# Can my taste be so far off?



## RiaanRed (15/5/16)

Hi All
So I have tried almost All of the winning e-juice of this Amazing Forum results and I think my tastebuds is on strike or something. Because almost all of the winning juices is not for me. 
I either don't like the taste or i don't like the flavor.
Don't get me wrong, I only support local juice as I want the local options to expand for more and more options in the future.
So basically can some of you just confirm that the following juices taste amazing to you as well?
VapeMob - VG Max Papa Smurf
All coiled out - YoYo
Because bubbles matter - Urban Grape
Vape King - Gummiberry
This is just some of my all day vapes but I don't see other poeple mention it?
Thank you


----------



## zadiac (15/5/16)

Maybe you're suffering from vaper's fatigue. An almost similar thing happened to me some time ago. I bought a juice and it was really horrible, but I was the only one complaining, so I had to assume that it was me and not the juice. The juice maker even sent me another one from a different batch and it was just as horrible for me. Up to date no one else have found that particular juice as horrible as I have. It happens.

Reactions: Like 1


----------



## RiaanRed (15/5/16)

@zadiac thank you for the reply.
Is it still the case?
Going to reseach now!
I really hope there is a cure because I want to taste what everyone else is tasting!


----------



## Silver (15/5/16)

RiaanRed said:


> Hi All
> So I have tried almost All of the winning e-juice of this Amazing Forum results and I think my tastebuds is on strike or something. Because almost all of the winning juices is not for me.
> I either don't like the taste or i don't like the flavor.
> Don't get me wrong, I only support local juice as I want the local options to expand for more and more options in the future.
> ...



Don't worry @RiaanRed 
Since being on this forum I have realised just how subjective taste is and how different our tastebuds can be. What some people absolutely LOVE others can really not like. 

It appears you like the fruity vapes. 

What equipment are you Vaping on? And what coils and what power? Mouth to lung or lung hit?


----------



## RiaanRed (15/5/16)

Silver said:


> Don't worry @RiaanRed
> Since being on this forum I have realised just how subjective taste is and how different our tastebuds can be.
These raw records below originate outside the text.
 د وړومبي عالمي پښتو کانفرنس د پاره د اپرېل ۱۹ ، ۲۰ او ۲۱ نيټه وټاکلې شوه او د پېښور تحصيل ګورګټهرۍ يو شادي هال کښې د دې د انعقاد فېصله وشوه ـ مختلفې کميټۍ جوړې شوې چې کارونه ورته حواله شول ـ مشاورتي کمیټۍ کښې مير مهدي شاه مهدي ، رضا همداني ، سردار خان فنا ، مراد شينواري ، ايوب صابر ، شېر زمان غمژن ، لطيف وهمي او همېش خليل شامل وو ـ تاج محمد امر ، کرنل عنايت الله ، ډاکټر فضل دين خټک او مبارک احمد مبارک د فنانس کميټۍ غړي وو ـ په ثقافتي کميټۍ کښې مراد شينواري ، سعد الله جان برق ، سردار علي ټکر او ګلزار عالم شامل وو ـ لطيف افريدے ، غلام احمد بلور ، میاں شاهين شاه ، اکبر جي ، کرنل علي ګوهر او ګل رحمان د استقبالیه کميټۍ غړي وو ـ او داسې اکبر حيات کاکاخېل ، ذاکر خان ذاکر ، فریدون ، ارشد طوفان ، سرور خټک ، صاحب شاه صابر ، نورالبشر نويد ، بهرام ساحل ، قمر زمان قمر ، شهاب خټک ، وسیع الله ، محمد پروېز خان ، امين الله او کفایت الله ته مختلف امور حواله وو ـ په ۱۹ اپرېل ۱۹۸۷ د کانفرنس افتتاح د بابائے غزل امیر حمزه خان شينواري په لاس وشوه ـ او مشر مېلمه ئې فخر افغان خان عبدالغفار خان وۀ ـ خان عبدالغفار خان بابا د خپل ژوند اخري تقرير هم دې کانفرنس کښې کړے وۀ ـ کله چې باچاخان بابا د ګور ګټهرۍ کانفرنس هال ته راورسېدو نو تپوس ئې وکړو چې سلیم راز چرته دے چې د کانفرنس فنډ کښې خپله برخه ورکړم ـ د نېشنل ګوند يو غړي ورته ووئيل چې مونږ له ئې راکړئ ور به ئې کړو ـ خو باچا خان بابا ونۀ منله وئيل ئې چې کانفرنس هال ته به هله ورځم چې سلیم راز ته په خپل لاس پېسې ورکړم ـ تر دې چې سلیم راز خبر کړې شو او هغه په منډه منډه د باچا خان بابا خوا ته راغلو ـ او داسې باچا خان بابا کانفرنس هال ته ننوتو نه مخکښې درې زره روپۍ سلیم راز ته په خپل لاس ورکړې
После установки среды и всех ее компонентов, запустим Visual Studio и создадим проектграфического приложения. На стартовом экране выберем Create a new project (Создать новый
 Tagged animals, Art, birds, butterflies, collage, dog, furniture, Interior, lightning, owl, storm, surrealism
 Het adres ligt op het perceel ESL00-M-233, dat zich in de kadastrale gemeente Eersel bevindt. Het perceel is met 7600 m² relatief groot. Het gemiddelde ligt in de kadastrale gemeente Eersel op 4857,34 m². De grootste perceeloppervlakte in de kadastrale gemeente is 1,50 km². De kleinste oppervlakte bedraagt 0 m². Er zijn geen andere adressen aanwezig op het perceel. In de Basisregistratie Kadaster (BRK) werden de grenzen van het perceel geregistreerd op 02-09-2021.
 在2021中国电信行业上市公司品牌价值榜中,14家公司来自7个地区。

What some people absolutely LOVE others can really not like.
> 
> It appears you like the fruity vapes.
> ...



Thank you for the reply

Before I make my decicion on any juice I vape on it on 2 diffrent setups.
I have a Griffin 25, tried it with single and dual claptons at a range from 20w to 70w on a 150w Cuboid
And
A Melo 2 tank with 0.3 and 0.5 ohm coils on a iJust2 battery.
I do lung hits


----------



## Silver (15/5/16)

Ok cool
Doesn't seem to me like you have any problems. If you like papa smurf and VK gummiberry juice then those are the types of flavours you like. I haven't vaped them myself but I do know many people like those two flavours. 
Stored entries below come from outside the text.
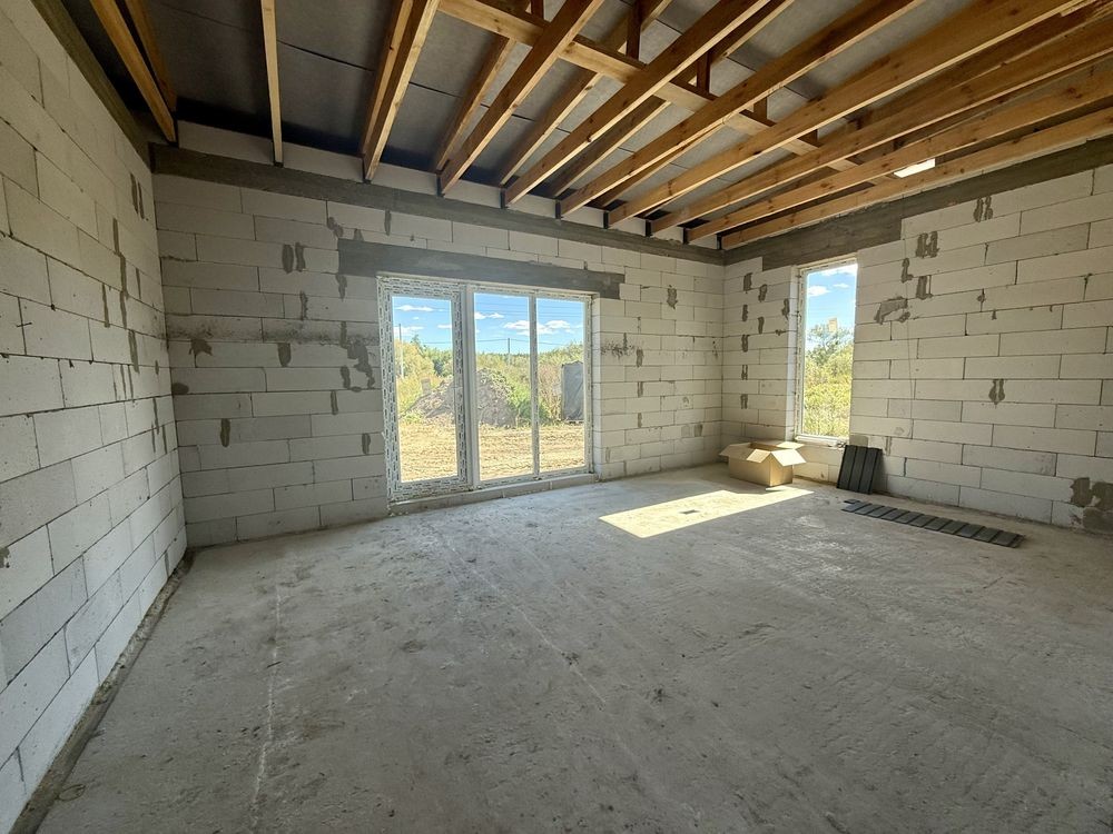 Велика , гарна ділянка 5.3 сотки , скважина , септик , електрика 10 КвТ. Будинок 80 м2 кухня - вітальня , 2 спальні , санвузол , котельня . На підлозі чорнова стяжка . До супермаркету "Фора" - 7 хв пішки , також поруч озера і центр села . До Києва - 7 хв на авто , або 10 хв на транспорті .
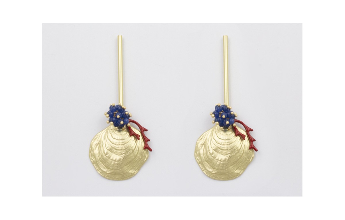Pendientes Listón , concha dorada mate, rama coral
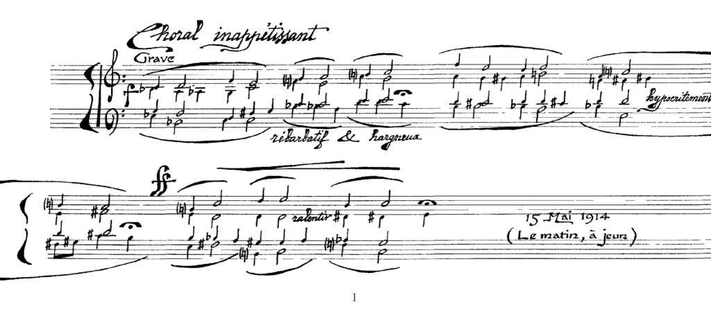 - Eric Satie’s Sports et Divertissements of 1914 shows his eccentric humor at every turn. Print it out here (imslp is a wonderful resource for free public domain classical music): https://imslp.org/wiki/Sports_et_divertissements_(Satie%2C_Erik). The sparse music of his humorous period includes tongue-in-cheek comments such as, “Like a Nightingale with Toothache”, “Light as an egg”, “Open your head”, and “Work it out yourself”.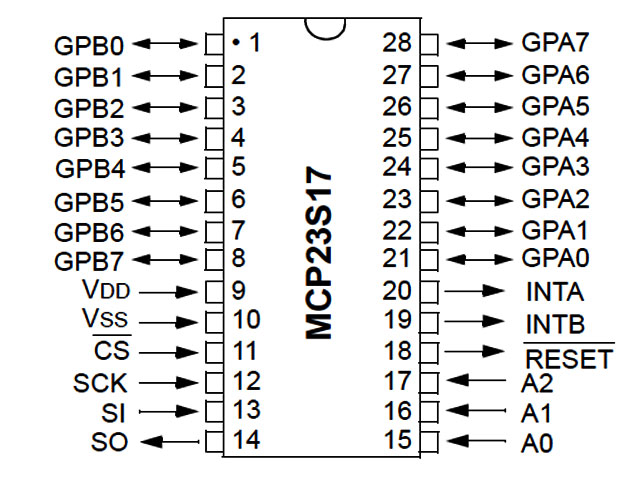 両者の違いはインターフェイスがMCP23017が2線式のI2C、MCP23S17が3線式のSPIです。シリアルインターフェイスを持ったデバイスであればPICやAVR 、Arduinoなど種類を問わずI/Oポートを16本増設できます。

And if I am not mistaken I have heard that VK gummiberry is a popular juice. 

Maybe look for similar types of juices and try those.

Reactions: Like 1


----------



## RiaanRed (15/5/16)

Silver said:


> Ok cool
> Doesn't seem to me like you have any problems. If you like papa smurf and VK gummiberry juice then those are the types of flavours you like. I haven't vaped them myself but I do know many people like those two flavours.
> 
> And if I am not mistaken I have heard that VK gummiberry is a popular juice.
> ...



Thank You @Silver ! You really ad so much to the Vaping community!

Reactions: Agree 1 | Thanks 1


----------



## Duffie12 (15/5/16)

I also find that I often don't get what other people taste at all.

The box says lemonade, the reviews say awesomeness, I get sunlight soap.

The box says raspberry strawberry licorice, the reviews say awesome refreshing vape, I get cough mixture.

Reactions: Like 1 | Funny 3 | Can relate 1


----------



## RiaanRed (15/5/16)

Duffie12 said:


> I also find that I often don't get what other people taste at all.
> 
> The box says lemonade, the reviews say awesomeness, I get sunlight soap.
> 
> The box says raspberry strawberry licorice, the reviews say awesome refreshing vape, I get cough mixture.


LoL
That`s what I get!
There is one that says strawberry yogurt but to me it tastes like gym pre workout

Reactions: Funny 4


----------



## Cobrali (15/5/16)

Taste is subjective, there are some juices I like but other people don't. Lol..like my MMM Noggy Rock, none of my friends like it! And there are one's that people recommended but they weren't to my liking at all! Haha..

Reactions: Like 1


----------



## Nightwalker (15/5/16)

To tell you the truth. I've vaped nearly all the local juices and I've found only 4 I love. The rest is great for a tank or drip then I'm over them.


----------



## RiaanRed (15/5/16)

Nightwalker said:


> To tell you the truth. I've vaped nearly all the local juices and I've found only 4 I love. The rest is great for a tank or drip then I'm over them.


If I may ask... witch 4 it it?


----------



## Nightwalker (15/5/16)

RiaanRed said:


> If I may ask... witch 4 it it?


Well @Gees makes the best tabaco blend called Pipe. I go through about 200mls + a month, @Oupa has the best menthol ice that I use daily too.
I think I'll make a few enemies if I name the others. But find what works for you

Reactions: Like 1


----------



## Rob Fisher (15/5/16)

I can identify with this thread... I have tried hundreds of juices and very very few ever make it to buying again... and I know it's me and not the juice because tons of other vapers love the juices I don't like...

Reactions: Agree 2


----------